9. The high-precision substrate bonding device for a very low-temperature liquid environment according to claim 1, characterized in that: The lower bonding platform (5) is a rectangular body used to place the lower substrate. The side of the lower bonding platform (5) is equipped with a pair of lower connectors (51). The lower connectors (51) are used to connect to the liquid supply equipment to inject or discharge circulating liquid into the lower bonding platform (5) to further maintain the lower substrate at the same temperature as the circulating liquid. The other side of the lower bonding platform (5) is also equipped with multiple negative pressure connectors (53). The negative pressure connectors (53) are used to connect to the vacuum pump to generate negative pressure. The lower bonding platform (5) is provided with negative pressure holes (54). The negative pressure holes (54) are connected to the negative pressure connectors (53) to use negative pressure to adsorb the lower substrate. The interior of the lower bonding platform (5) is provided with liquid flow channels and air channels in layers. The air channels are connected to the negative pressure connectors (53) and the negative pressure holes (54) respectively. The liquid flow channels are connected to the lower connectors (51). The lower bonding platform (5) is also provided with multiple sets of observation holes (52) at intervals. The observation holes (52) are used for visual positioning.

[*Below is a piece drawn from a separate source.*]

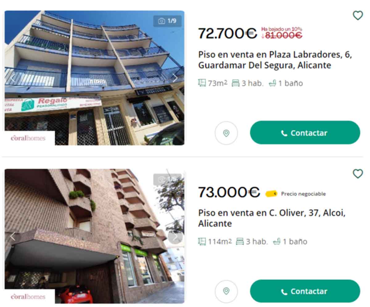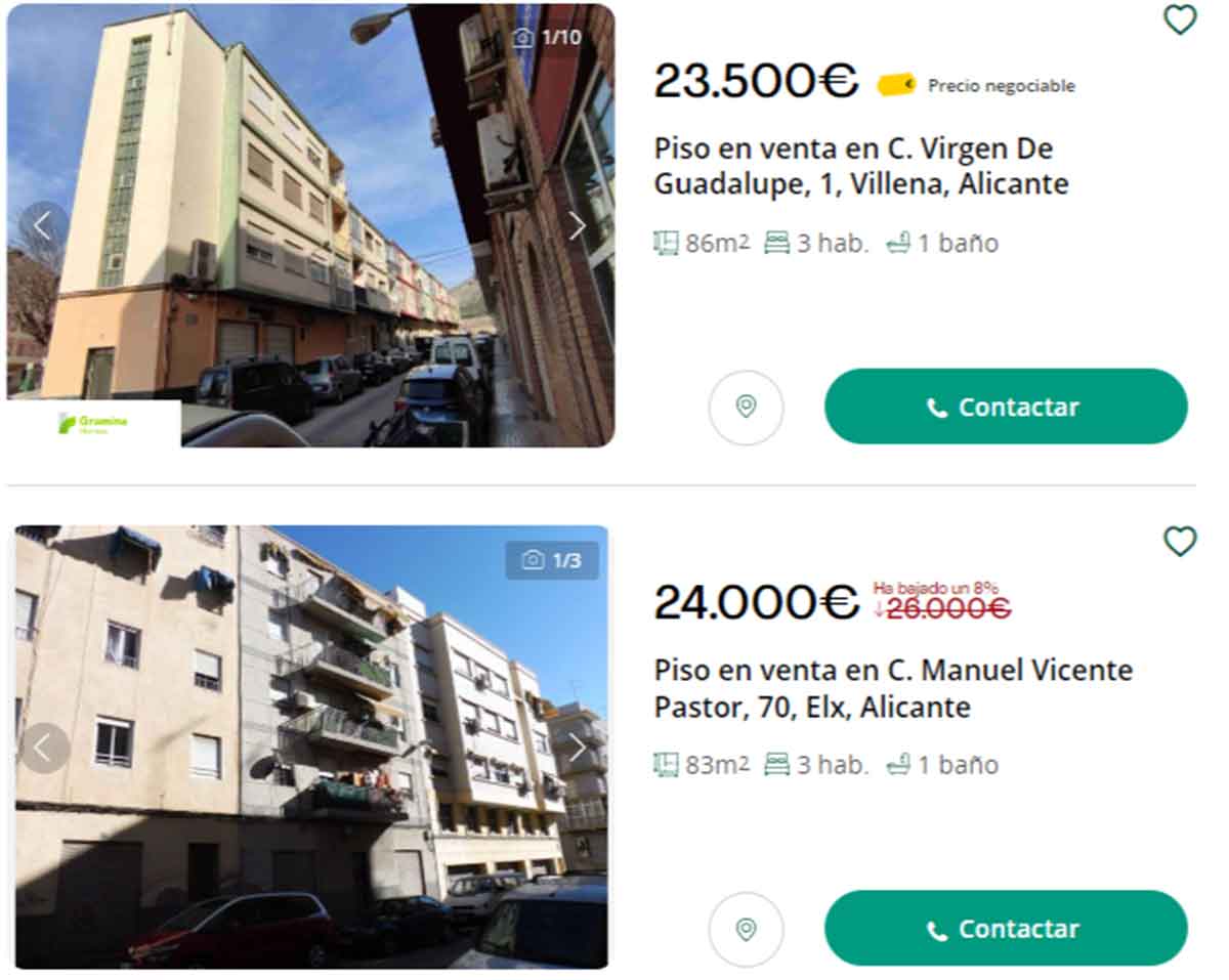 - Piso en venta en Alicante por 24.000 euros. Es una vivienda de 83 metros cuadrados con tres habitaciones y un baño.

10. The high-precision substrate bonding device for a very low temperature liquid environment according to claim 1, characterized in that: The visual positioning module (6) includes a positioning base (61), a lifting platform (62), a drive motor (63), a pad (64), a fine-tuning bracket (65), and a camera (66). The lifting platform (62) is fixedly installed on the positioning base (61), and the pad (64) is installed on the lifting platform (62). The drive motor (63) is installed on one side of the lifting platform (62), and the fine-tuning bracket (65) is installed on the pad (64) on the other side of the lifting platform (62). The camera (66) is installed on the fine-tuning bracket (65) and the pad (64), respectively.